Zero-trust security asks for more than just user IDs to grant access. It decides a session’s access privileges based on several context-sensitive data elements, including the application the user is accessing and the device they are using. These parameters help the access control layer apply security policies to authorize that particular session against predefined risk models.

Zero trust

How the pandemic accelerated everything

The move away from perimeter-based models to zero trust has been gradual and incremental, but things escalated in 2020.

“COVID changed things quite a bit,” says Orange Cyberdefense Netherlands CTO Peter Mesker. “Around 80% of the workforce is working from home offices, using just one consumer Internet line.” Suddenly, IT departments had to support untrusted connections from untrusted machines using untrusted networks.

This development expanded organizations’ attack surfaces overnight. Attackers no longer needed to reach the inner sanctum by finding open ports or misconfigured firewall rules. They launched a variety of phishing and malware attacks to target remote workers.

Companies responded by implementing virtual private networks (VPNs) to encrypt and manage the connections between home networks and corporate systems. VPNs offer some protection for authorized remote users and managed devices by tunneling inside the perimeter, but they have their shortcomings. They still rely on trusted devices, so an attacker compromising the device can exploit that trust, intercepting traffic or impersonating the user on the network.

Aware of this, attackers began directly targeting known vulnerabilities in VPNs. This prompted the UK’s National Cyber Security Centre to warn about attacks aimed at homeworkers.

Laying the foundations for zero-trust security

While VPNs still have their place as a layer of defense, zero-trust security offers a valuable way to close these gaps in user security. If an attacker compromises a homeworker’s endpoint or VPN, they can’t use it to gain access to your network automatically.

Zero trust’s more secure model led Gartner to predict that 60% of enterprises will phase out most of their remote access VPNs in favor of zero-trust technology by 2023. However, implementing this architecture takes some heavy lifting.

Zero-trust adopters no longer rely on a perimeter to protect everything, meaning that they must identify all assets in the organization that they want to preserve and build interfaces between them and the access control layer.

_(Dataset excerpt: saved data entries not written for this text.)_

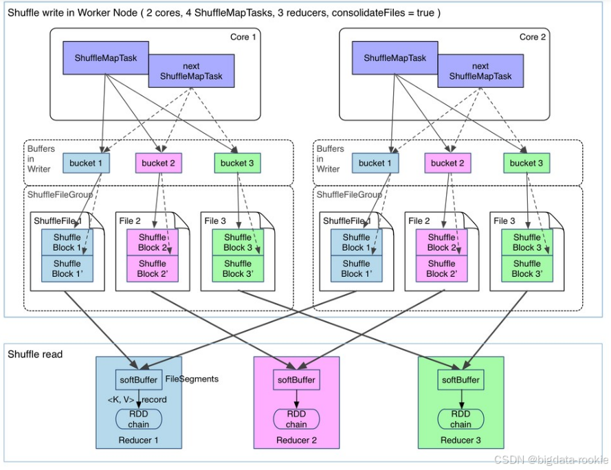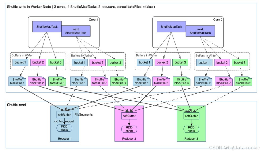 普通机制的 Hash shuffle 会产生大量小文件,对文件系统的压力很大,也不利于 I/O 的吞吐量,后面做了优化(设置spark.shuffle.consolidateFiles=true开启,默认false),优化后的 Hash shuffl 把在同一个 core 上的多个 Mapper 输出到同一个文件,这样文件数就变成了 core * R 个。如下图所示:2 个 core,4 个 map task,3 个 reduce task,会产生 2*3=6 个小文件。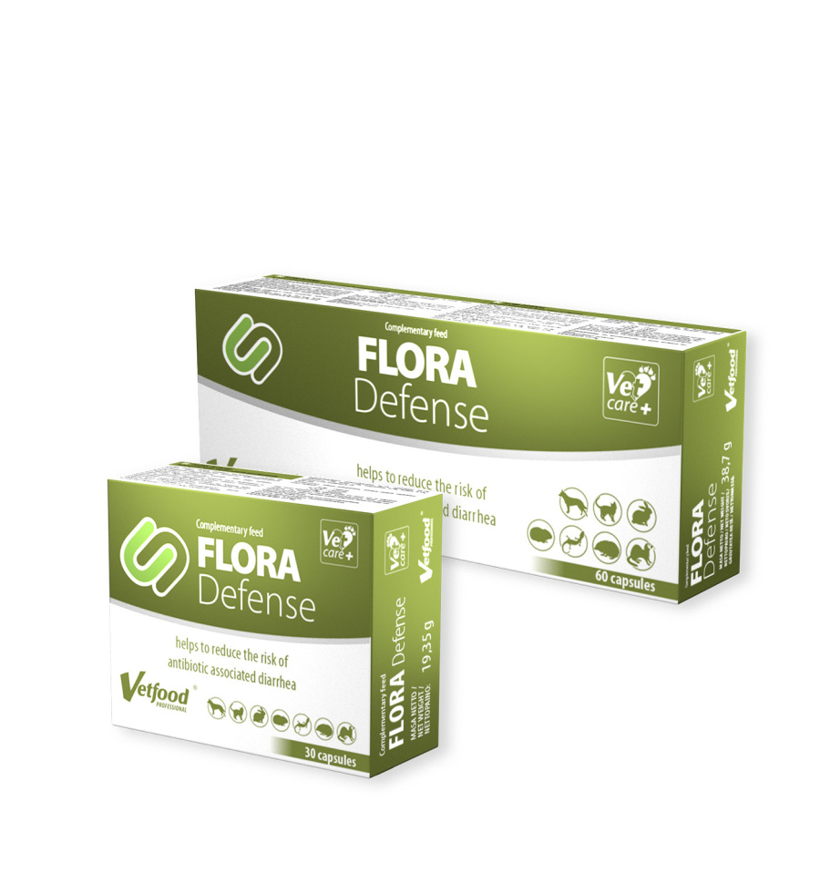 Flora Defense Przeznaczenie: - wspomagająco w trakcie biegunki, - w trakcie i po antybiotykoterapii, - ograniczenie ryzyka wystąpienia kandydozy, - przeciwdziałanie translokacji bakterii patogennych do jelit, - przeciwdziałanie wystąpieniu niedrożności jelit.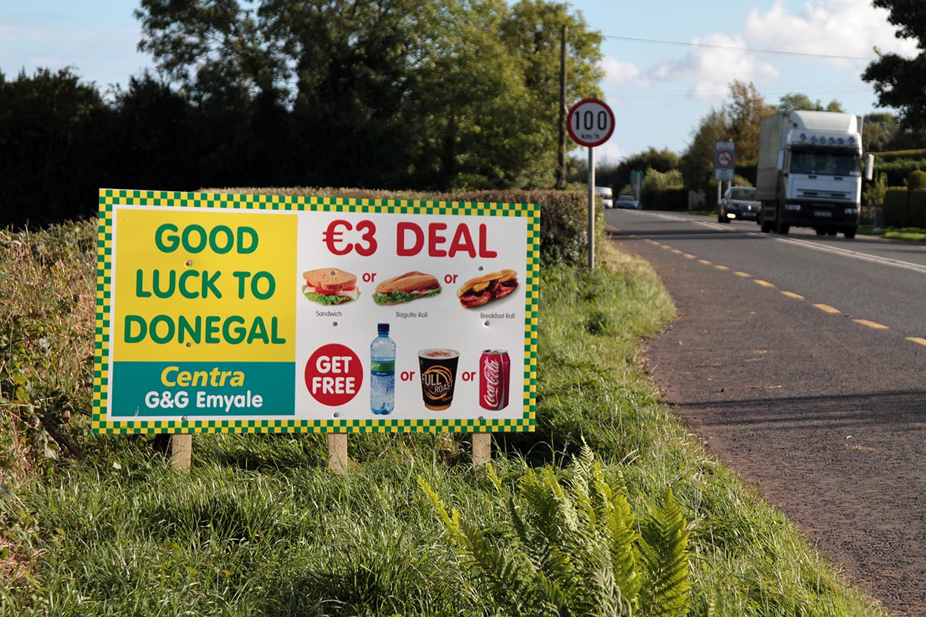 This sign is on the side of the road just outside the village of Emyvale Co Monaghan. I’d say most supporters from Ulster will get behind Donegal as the representatives of the province. I have mixed feelings about it. Firstly I have a natural (and sometimes illogical!) inclination to get behind the underdog and in this case Mayo are the less favoured of the two teams going into this years All Ireland Football final. Secondly I have an uncle by marriage, Dr John McAndrew who played on the last Mayo team to win an All Ireland back in 1951. John is in his 80’s now and has lived most of his life in Birmingham but is unable to attend the game on Sunday. He will however be represented by his son Sean and grandson Finbar. So for these reasons it is Maigh Eo Abú!!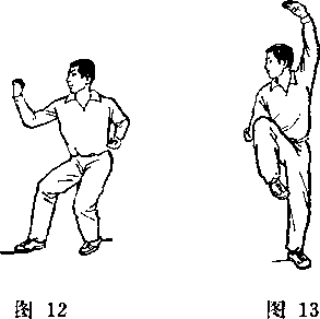 右臂由右上方向右下方弧形抡挂,右手在体右后侧变勾手; 左掌举于头前上方,掌指向右;上体右拧微前倾,?同时右腿屈膝 提起;眼看右前下方(图13)。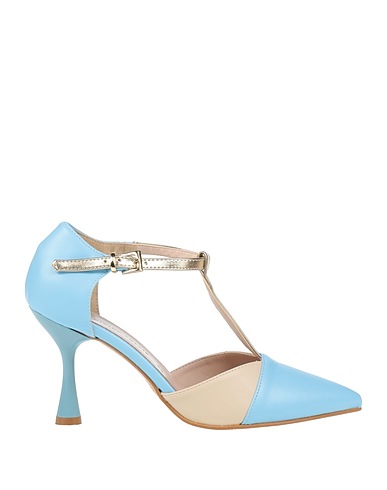 t-bar, coated fabric, metallic, no appliqués, multicolor, fully lined, buckle-fastening ankle strap, pointed toe, spool heel, leather sole, contains non-textile parts of animal origin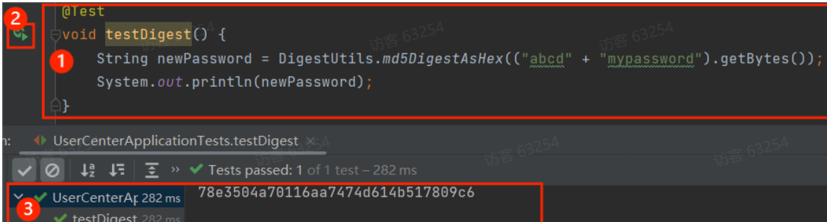 1 2 3 4 5 6 7 8 9 10 11 12 13 14 15 16 17 18 19 20 @SpringBootTest class UserServiceTest {@Resource private UserService userService;@Test void testAddUser () { User user = new User (); user.setUsername("dogYupi" ); user.setUserAccount("123" ); user.setAvatarUrl("https://profile-avatar.csdnimg.cn/aee7bf7d9b0640489ce4189664a41212_2201_75344078.jpg!1" ); user.setGender(0 ); user.setUserPassword("xxx" ); user.setPhone("123" ); user.setEmail("456" ); boolean result = userService.save(user); System.out.println(user.getId()); Assertions.assertTrue(result); }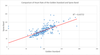 The results of the descriptive statistical tests were not much better. Although we observe similar means between the Spree Band measurements and the measurements from the gold standard devices, the standard deviations for the heart rate measurements are quite large. The standard deviation for temperature is much smaller because body temperature should not fluctuate too much. Even so, looking at the Pearson’s r value, we see that the result still points to a statistical difference because the values were too small (0.69 for heart rate and 0.19 for temperature).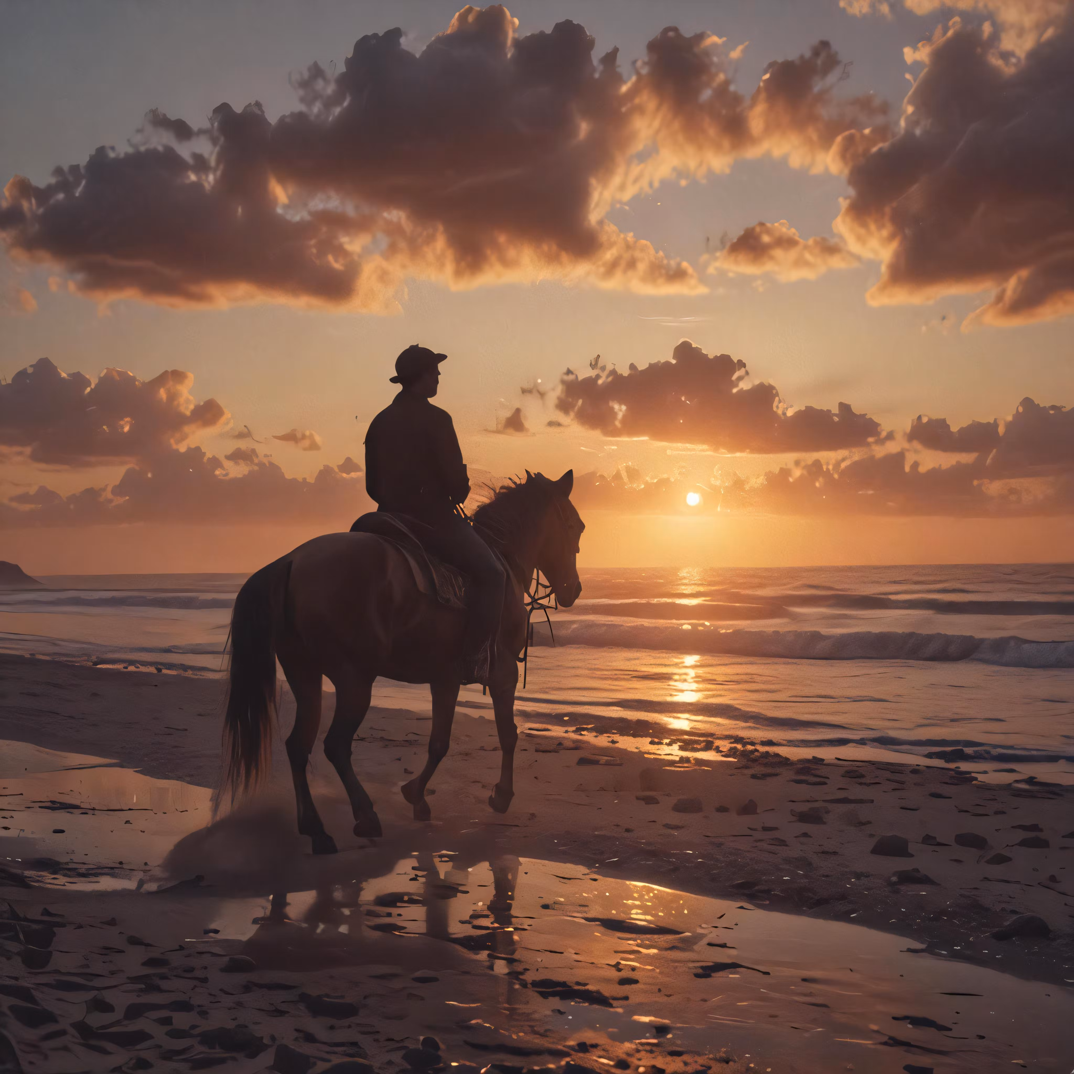 High resolution picture, free to use, a man on horseback and sunset at beach with dog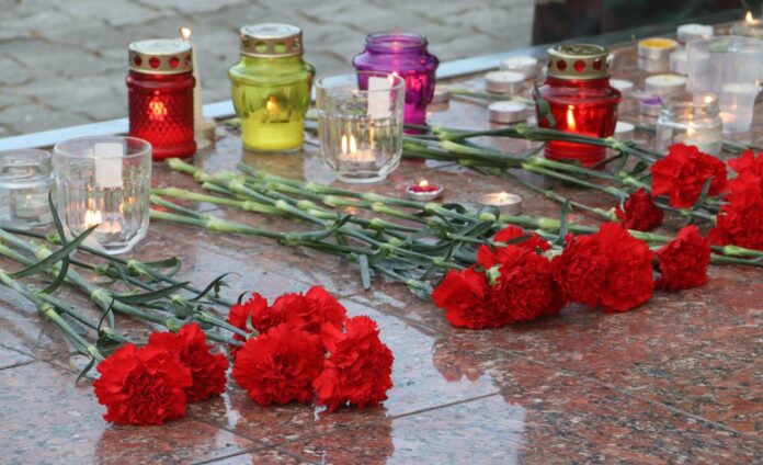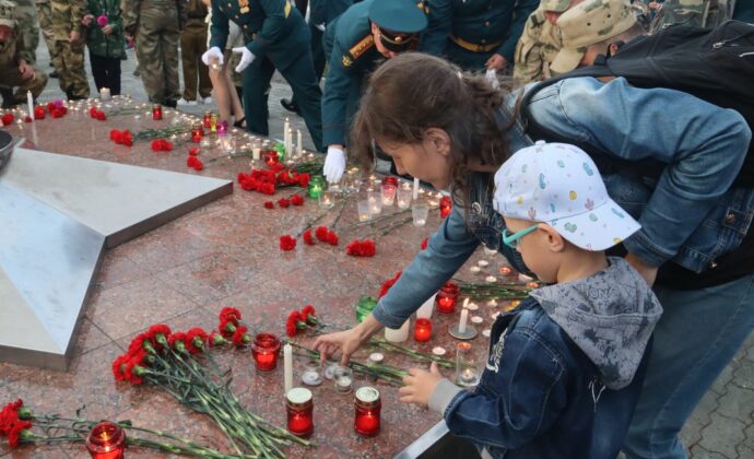 Красные цветы и свечи самых разных форм и размеров обрамили пятиконечную звезду. Как и Вечный огонь, неугасающая людская память сохранит историческую правду и останется главным символом вечной скорби и безграничной благодарности воинам- защитникам.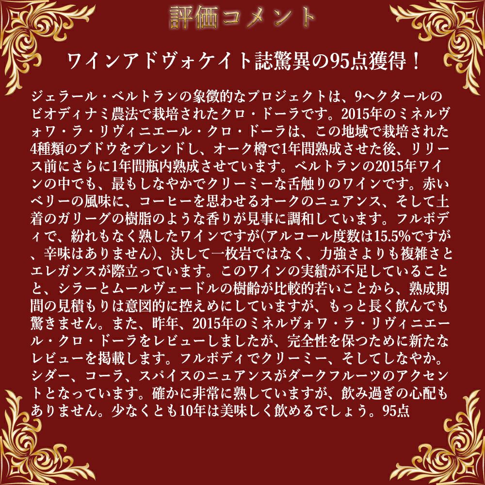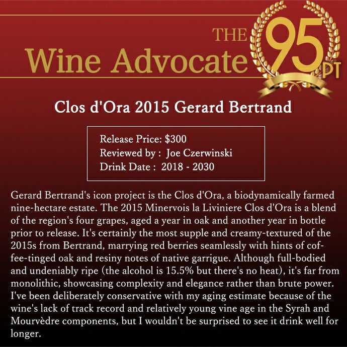 他の画像を見る クロ ドラ 2015 ジェラール ベルトラン AOPミネルヴォワ ラ リヴィニエール 自然派 度数15.5% 生産本数7908本のみ 超重厚ボトルClos d'Ora 2015 Gerard Bertrand AOP Minervois La 赤ワイン フランス フルボディ 辛口 当店特別価格 ¥ 30,305 税込 カートに入れる お気に入りに登録する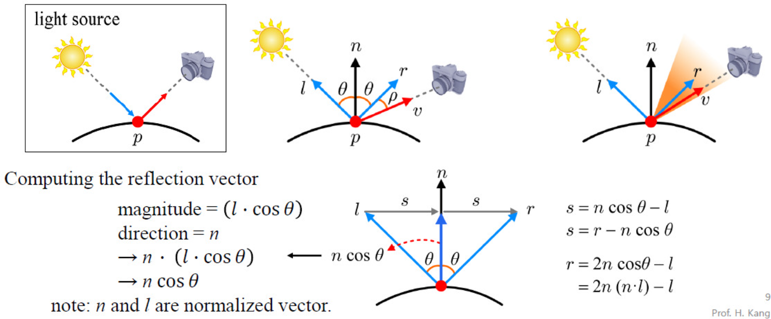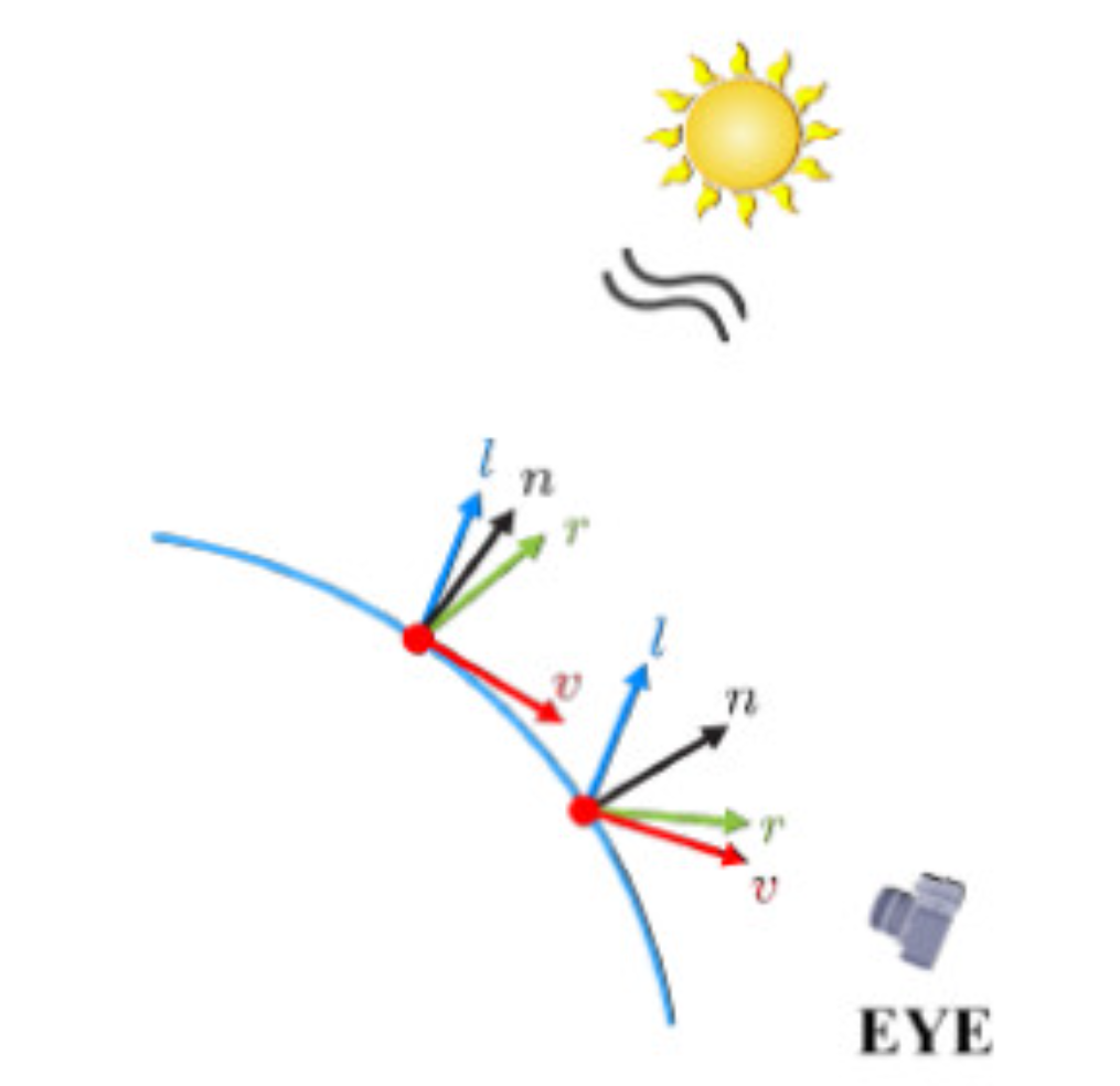- 시선 벡터(V)와 광원의 반사 벡터(R)를 사용하거나, 더 효율적인 블린-퐁(Blinn-Phong) 모델에서는 하프웨이 벡터(H)를 사용한다.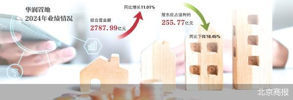 北京商报记者梳理发现,2020—2023年华润置地综合营业额分别为1795.9亿元、2121亿元、2070.6亿元、2511.4亿元,2024年创下近5年新高。然而,与规模扩张形成鲜明反差的是,华润置地的盈利能力却持续下降。年报显示,2024年华润置地股东应占溢利约为255.77亿元,同比下降18.45%。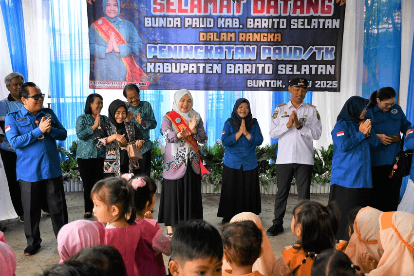Bunda PAUD Kab Barsel Hj. Permana Sari, Hadiri Kegiatan Pembinaan Bunda PAUD Kabupaten Barito Selatan bertempat yang diselenggarakan oleh Pokja Bunda PAUD Kab Barsel di TK Bina Nusantara Jalan Pelita Raya Gang Sempurna, Rabu (07/05/25). Dalam kegiatan ini dilakukan senam bersama peserta didik dan 30 Kepala Sekolah yang berasal dari PAUD/TK di Kecamatan Dusun Selatan dan pembagian makanan sehat serta pembinaan secara langsung oleh Bunda PAUD kepada PAUD Percontohan HI dan PAUD Percontohan Kabupaten serta PAUD IMBAS Percontohan (30 Kepala Sekolah Satuan Pendidikan dan TK).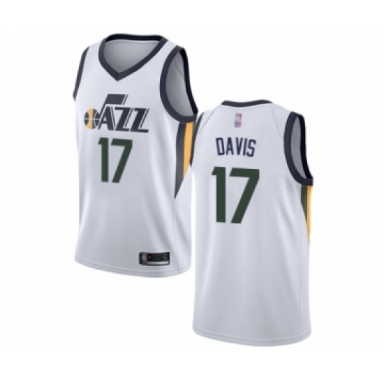 Men's Utah Jazz #17 Ed Davis Authentic White Basketball Jersey - Association Edition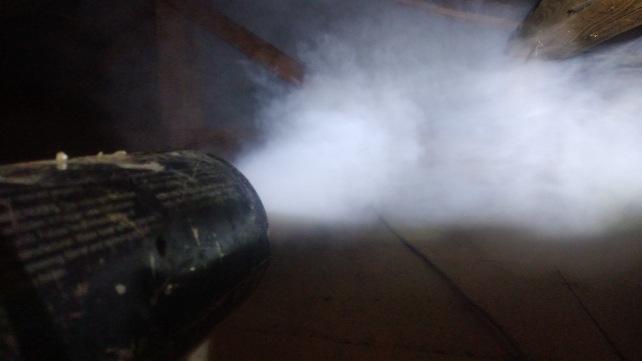 まずは、燻煙剤と呼ばれる薬剤を天井裏や床下に投入することで、イタチを追い出していきます。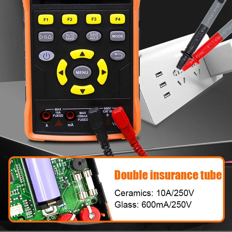 ET852C 3 in 1 2*50MHz Bandwidth Oscilloscope 200MSa Sampling Rate Dual Channel Oscilloscope Multimeter Design High Impedance Square WaveSignal Generator Rechargeable Lithium Battery

Security teams must also deploy monitoring technology to watch all assets’ underlying communication patterns. This will help them gather the data necessary for that context-based verification.

None of this works without basic security measures such as encryption. Implementation teams should ensure that they encrypt assets at multiple levels of the technology stack. Encryption of network-level traffic is a must, and companies should also encrypt their data at a file and record level for extra protection. This supports data security policies, ensuring that only the right people get to see decrypted information.

Network redesign

Now is also the time to consider an internal network organization. The biggest flaw of perimeter-based network security was its internal openness. Attackers that breached the firewall could often move freely around the internal network because no one thought to create any internal walls. Zero-trust practitioners fix this via micro-segmentation. This compartmentalizes the company network, demanding that users, devices and applications reauthenticate themselves each time they traverse a boundary.

“This is a new way of working, and it will remain in place,” predicts Mesker. “People most likely will never come back to the office five days a week.” The need to support long-term changes in working practices has shone a light on this valuable new approach to securing our applications and data.